**Task statement**
Everything from the first line of the material to the line containing "COMBO CADENA+DIJE+ARETE RODIO", inclusive, must be given again exactly; no pictures, and nothing past that line.

Data extracts section start

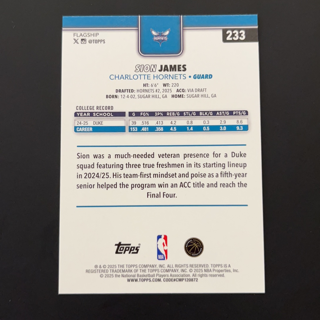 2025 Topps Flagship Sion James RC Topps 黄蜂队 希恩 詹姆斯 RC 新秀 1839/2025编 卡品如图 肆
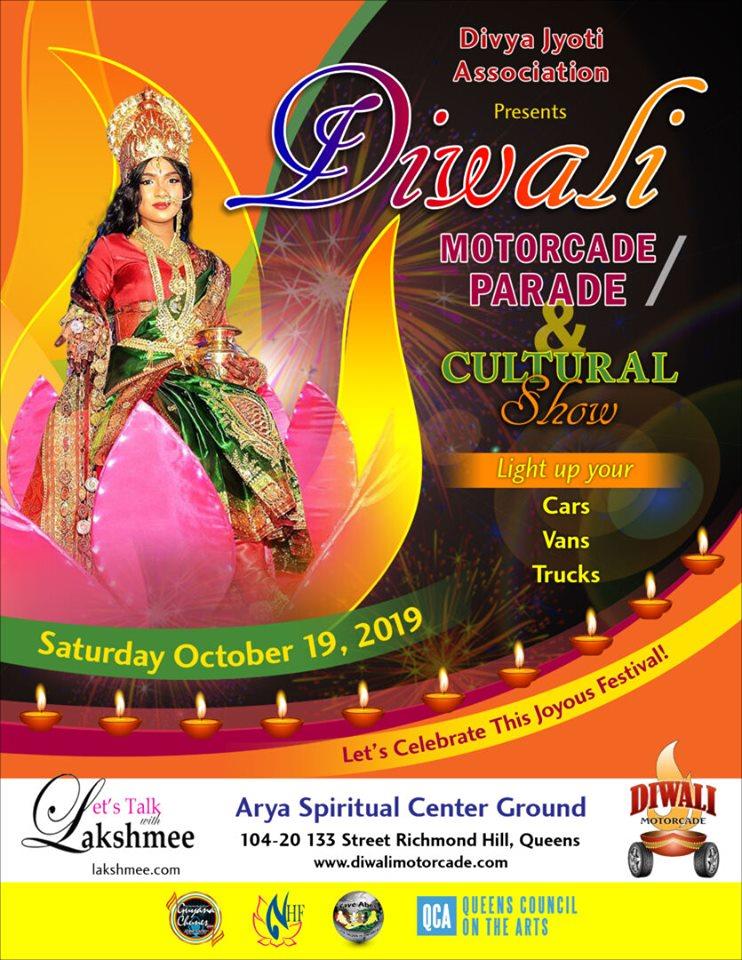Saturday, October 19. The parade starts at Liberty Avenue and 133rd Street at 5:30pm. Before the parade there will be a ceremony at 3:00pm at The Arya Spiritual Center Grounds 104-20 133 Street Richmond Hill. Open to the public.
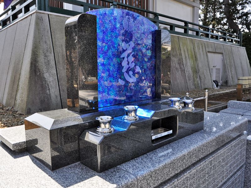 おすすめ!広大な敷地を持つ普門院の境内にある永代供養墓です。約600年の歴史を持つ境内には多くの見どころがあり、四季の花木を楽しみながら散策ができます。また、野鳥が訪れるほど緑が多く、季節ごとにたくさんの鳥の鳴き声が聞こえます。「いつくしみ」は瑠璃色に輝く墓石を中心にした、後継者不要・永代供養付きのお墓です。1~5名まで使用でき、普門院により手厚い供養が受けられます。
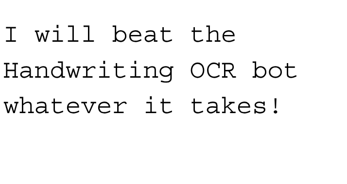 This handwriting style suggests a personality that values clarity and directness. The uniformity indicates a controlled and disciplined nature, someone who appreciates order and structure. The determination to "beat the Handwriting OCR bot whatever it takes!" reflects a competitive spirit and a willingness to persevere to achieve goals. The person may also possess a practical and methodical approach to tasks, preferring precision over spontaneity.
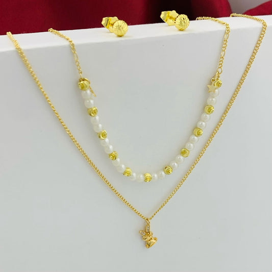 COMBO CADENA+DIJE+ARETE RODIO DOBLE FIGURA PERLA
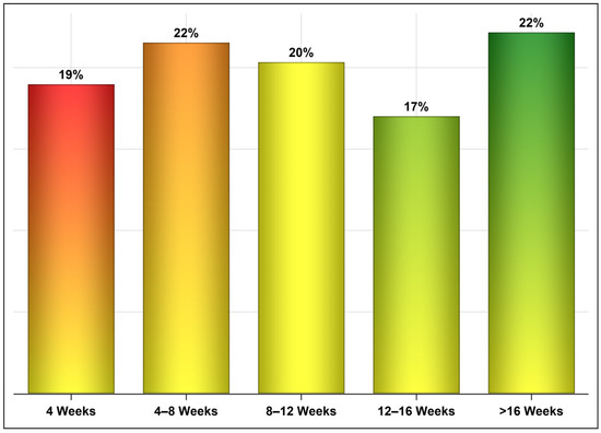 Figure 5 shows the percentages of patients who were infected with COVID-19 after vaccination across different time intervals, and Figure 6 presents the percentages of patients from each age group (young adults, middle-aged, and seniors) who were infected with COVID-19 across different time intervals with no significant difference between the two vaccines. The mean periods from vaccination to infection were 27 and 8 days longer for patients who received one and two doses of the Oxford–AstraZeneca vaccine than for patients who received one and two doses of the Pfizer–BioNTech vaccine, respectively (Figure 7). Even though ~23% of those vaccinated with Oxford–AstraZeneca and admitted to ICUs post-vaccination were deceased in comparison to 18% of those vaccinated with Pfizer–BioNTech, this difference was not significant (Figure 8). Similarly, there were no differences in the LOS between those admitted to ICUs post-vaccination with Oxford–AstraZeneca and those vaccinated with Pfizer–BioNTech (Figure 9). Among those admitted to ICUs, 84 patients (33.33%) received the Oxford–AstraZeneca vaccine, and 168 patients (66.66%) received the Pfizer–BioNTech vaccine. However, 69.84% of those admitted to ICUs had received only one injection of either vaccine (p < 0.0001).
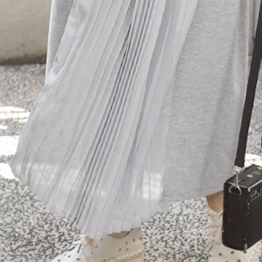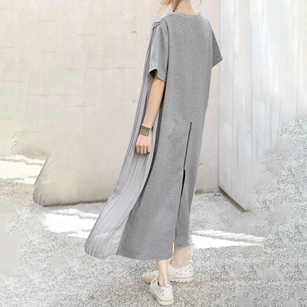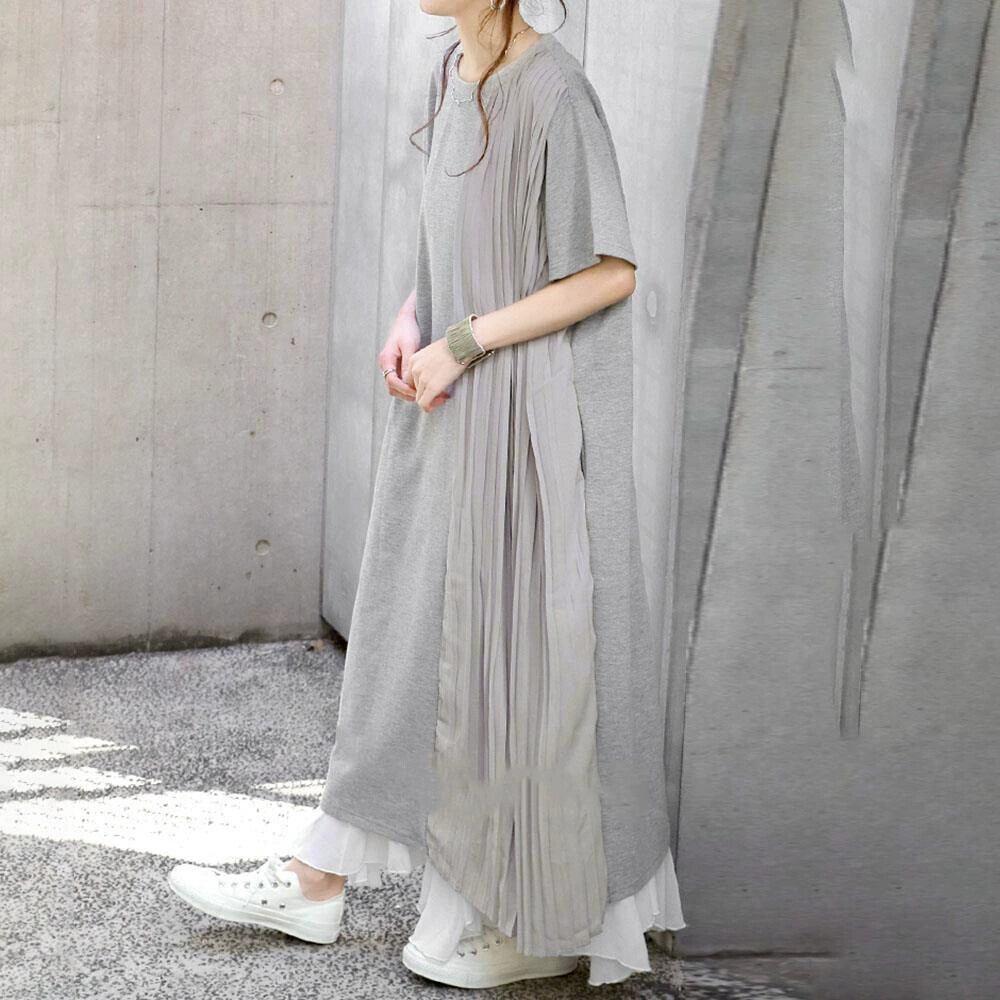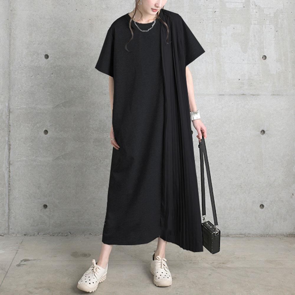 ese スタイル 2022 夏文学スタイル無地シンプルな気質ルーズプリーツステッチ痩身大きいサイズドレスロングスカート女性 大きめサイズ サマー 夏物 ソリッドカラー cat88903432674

Data extracts section end

**Task result**
 2025 Topps Flagship Sion James RC Topps 黄蜂队 希恩 詹姆斯 RC 新秀 1839/2025编 卡品如图 肆
Saturday, October 19. The parade starts at Liberty Avenue and 133rd Street at 5:30pm. Before the parade there will be a ceremony at 3:00pm at The Arya Spiritual Center Grounds 104-20 133 Street Richmond Hill. Open to the public.
 おすすめ!広大な敷地を持つ普門院の境内にある永代供養墓です。約600年の歴史を持つ境内には多くの見どころがあり、四季の花木を楽しみながら散策ができます。また、野鳥が訪れるほど緑が多く、季節ごとにたくさんの鳥の鳴き声が聞こえます。「いつくしみ」は瑠璃色に輝く墓石を中心にした、後継者不要・永代供養付きのお墓です。1~5名まで使用でき、普門院により手厚い供養が受けられます。
 This handwriting style suggests a personality that values clarity and directness. The uniformity indicates a controlled and disciplined nature, someone who appreciates order and structure. The determination to "beat the Handwriting OCR bot whatever it takes!" reflects a competitive spirit and a willingness to persevere to achieve goals. The person may also possess a practical and methodical approach to tasks, preferring precision over spontaneity.
 COMBO CADENA+DIJE+ARETE RODIO DOBLE FIGURA PERLA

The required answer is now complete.